Each line from the one containing "Информация о ваших" to the end of the material below is to be restated exactly, with pictures skipped.

→ **Supplied information**
================
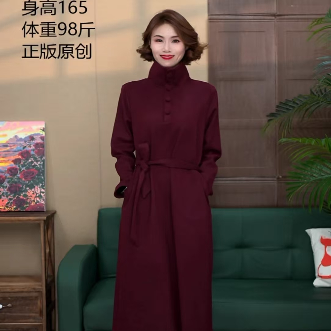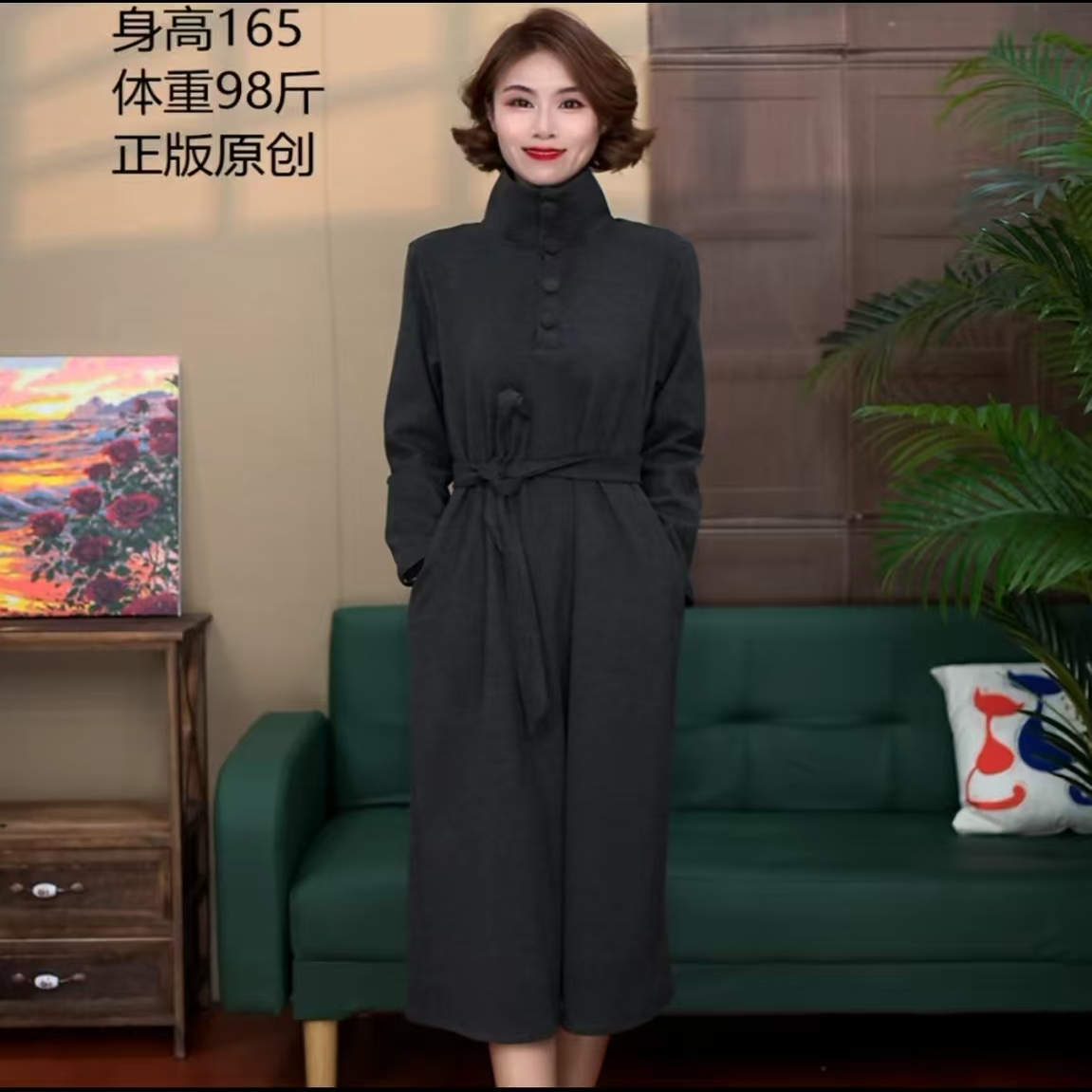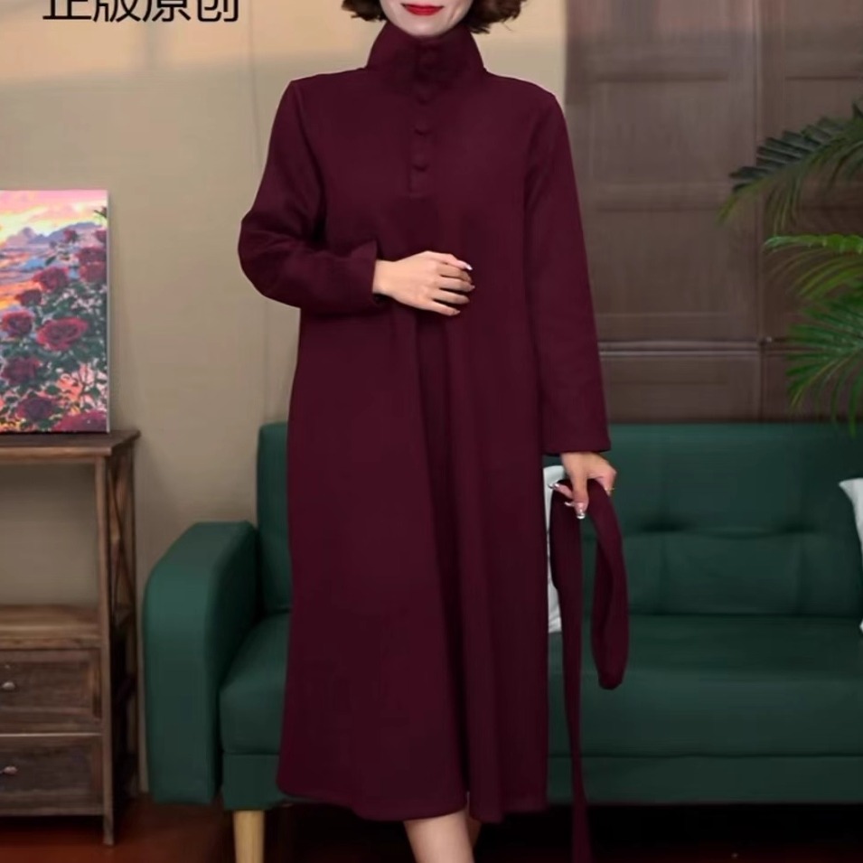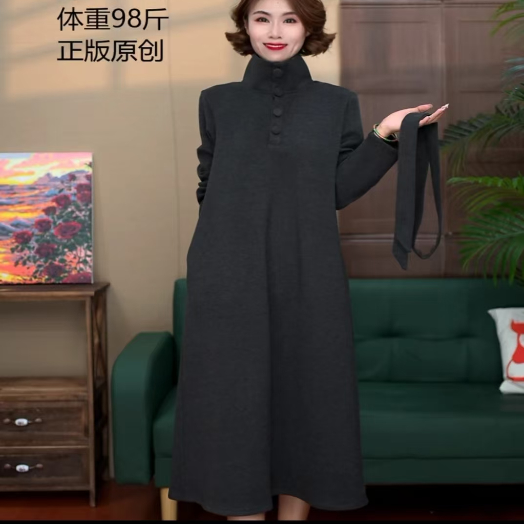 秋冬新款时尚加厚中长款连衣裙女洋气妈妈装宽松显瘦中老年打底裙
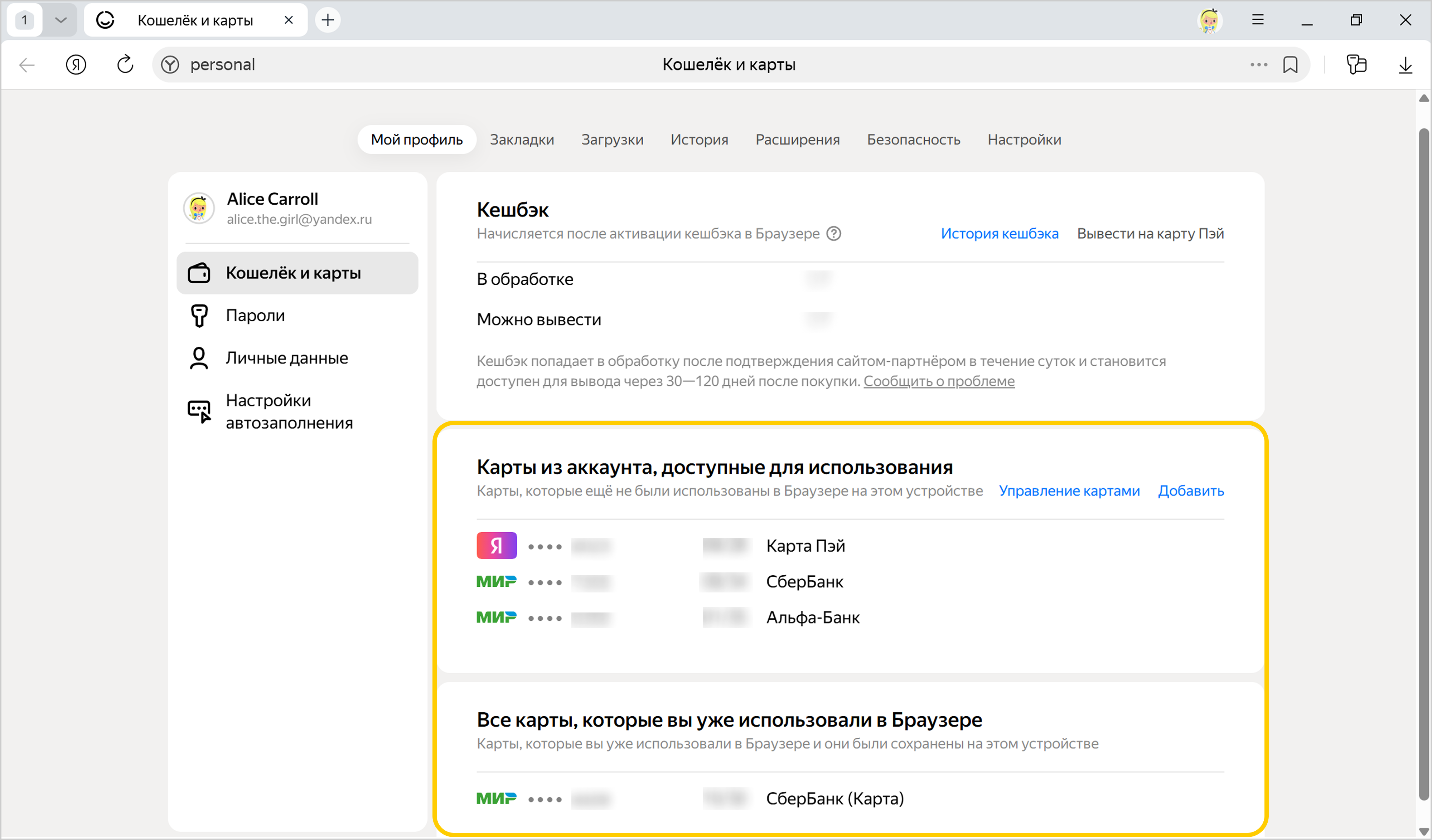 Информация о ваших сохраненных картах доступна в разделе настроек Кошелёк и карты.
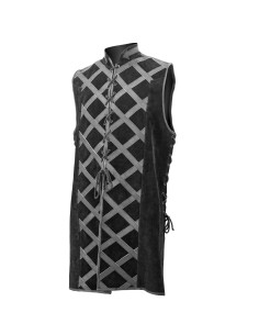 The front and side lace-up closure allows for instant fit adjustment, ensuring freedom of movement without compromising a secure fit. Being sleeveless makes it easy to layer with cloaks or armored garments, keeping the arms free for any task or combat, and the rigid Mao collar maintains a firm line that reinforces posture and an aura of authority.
================
→ **Output**
 Информация о ваших сохраненных картах доступна в разделе настроек Кошелёк и карты.
 The front and side lace-up closure allows for instant fit adjustment, ensuring freedom of movement without compromising a secure fit. Being sleeveless makes it easy to layer with cloaks or armored garments, keeping the arms free for any task or combat, and the rigid Mao collar maintains a firm line that reinforces posture and an aura of authority.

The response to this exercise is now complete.